When data is no longer required, we will delete it securely or anonymise it so that it can no longer identify an individual.
6. Data Security
We use reasonable technical and organisational measures to protect personal data against accidental loss, unauthorised access, disclosure, alteration, or destruction. These measures may include access restrictions, secure storage, staff confidentiality obligations, and data minimisation practices.
Although we take appropriate steps to safeguard information, no system can be guaranteed completely secure. If a personal data breach occurs that is likely to result in a risk to your rights and freedoms, we will act in accordance with applicable law, which may include notifying affected individuals and the relevant supervisory authority where required.
7. Your Rights
As a data subject, you have a number of rights under UK data protection law. Subject to legal conditions and exemptions, you may have the right to:
- Access your personal data and receive a copy of the information we hold about you;
- Rectification of inaccurate or incomplete data;
- Erasure of your data in certain circumstances, also known as the right to be forgotten;
- Restriction of processing in certain situations;
- Object to processing based on legitimate interests or direct marketing;
- Data portability where processing is based on consent or contract and carried out by automated means;
- Withdraw consent at any time where we rely on consent, without affecting the lawfulness of prior processing;
- Complain to the Information Commissioner’s Office if you believe your rights have been infringed.
To exercise your rights, you may make a request using the means we provide in our customer communications. We may need to verify your identity before responding. We aim to respond within the statutory time frame.

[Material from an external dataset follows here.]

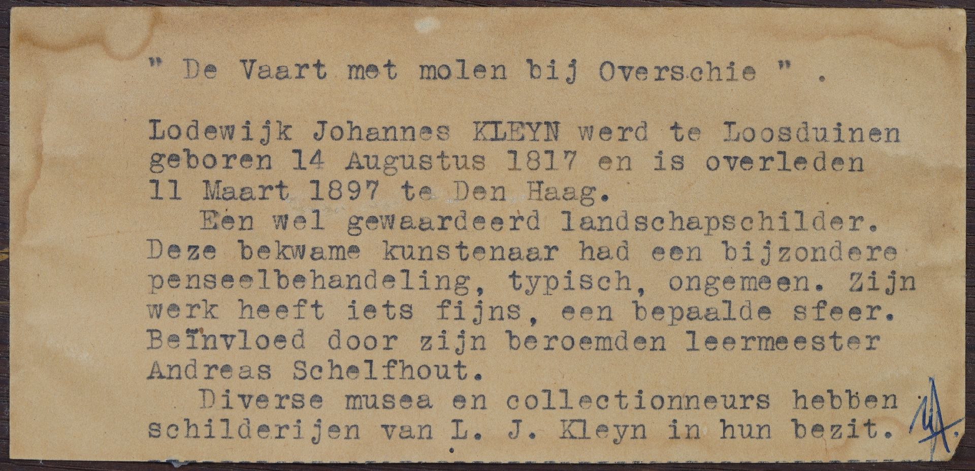 Als leerling van Andreas Schelfhout schilderde L.J. Kleijn veel winterlandschappen met schaatsende en sleeënde figuurtjes op spiegelend ijs. Daarnaast maakte hij zomerse rivier- en strandgezichten en panoramische landschappen, waarin hij de kalme sfeer en het warme licht van een zomerdag weet te treffen. Rond 1840 verbleef Kleijn enige tijd in het Duitse Kleef. Niet bekend is of hij daar naartoe ging voor B.C. Koekkoek: er zijn geen concrete aanwijzingen dat Kleijn les heeft gehad aan diens tekenacademie. Van Kleijns Kleefse periode getuigen een aantal schilderijen met stadsmotieven of de omgeving van Kleef als onderwerp. Vermoedelijk bereisde hij ook het Rijndal bij het Zevengebergte.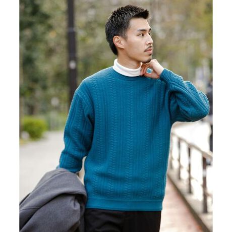 ・「SUPERB WOOL」というチュニジア産のウール100%で仕立てたクルーネック型のケーブルニット。

8. Marketing Communications
If we send marketing communications, we will do so only where allowed by law. You can opt out of marketing at any time. Operational communications relating to bookings, service updates, or billing are not marketing and may still be necessary for us to provide our services.
9. Children’s Data
Our services are generally intended for adults. We do not knowingly collect personal data from children unless it is provided by a parent, guardian, or responsible adult in connection with a service booking or access arrangement. If we become aware that we have collected data from a child without an appropriate basis, we will take steps to delete it promptly.
10. International Transfers
If any personal data is transferred outside the United Kingdom, we will ensure that appropriate safeguards are in place in accordance with applicable data protection law. These safeguards may include an adequacy decision, standard contractual clauses, or another valid transfer mechanism.
11. Changes to This Privacy Policy
We may update this Privacy Policy from time to time to reflect changes in our services, legal obligations, or data handling practices. Any revised version will take effect once published or otherwise communicated, as appropriate. We encourage customers to review this policy periodically.
12. Summary of Key Commitments
- We collect only the data needed to provide cleaning services and manage our business.
- We process personal data only where we have a valid lawful basis.
- We share data only with trusted processors or where required by law.
- We keep data only for as long as necessary and delete it securely when no longer needed.
- We respect your rights and provide clear ways to exercise them.
Islington Carpet Cleaners is committed to transparent, fair, and secure data handling. This policy applies to all customers in the Islington area and is designed to ensure that personal data is treated with care, accountability, and respect.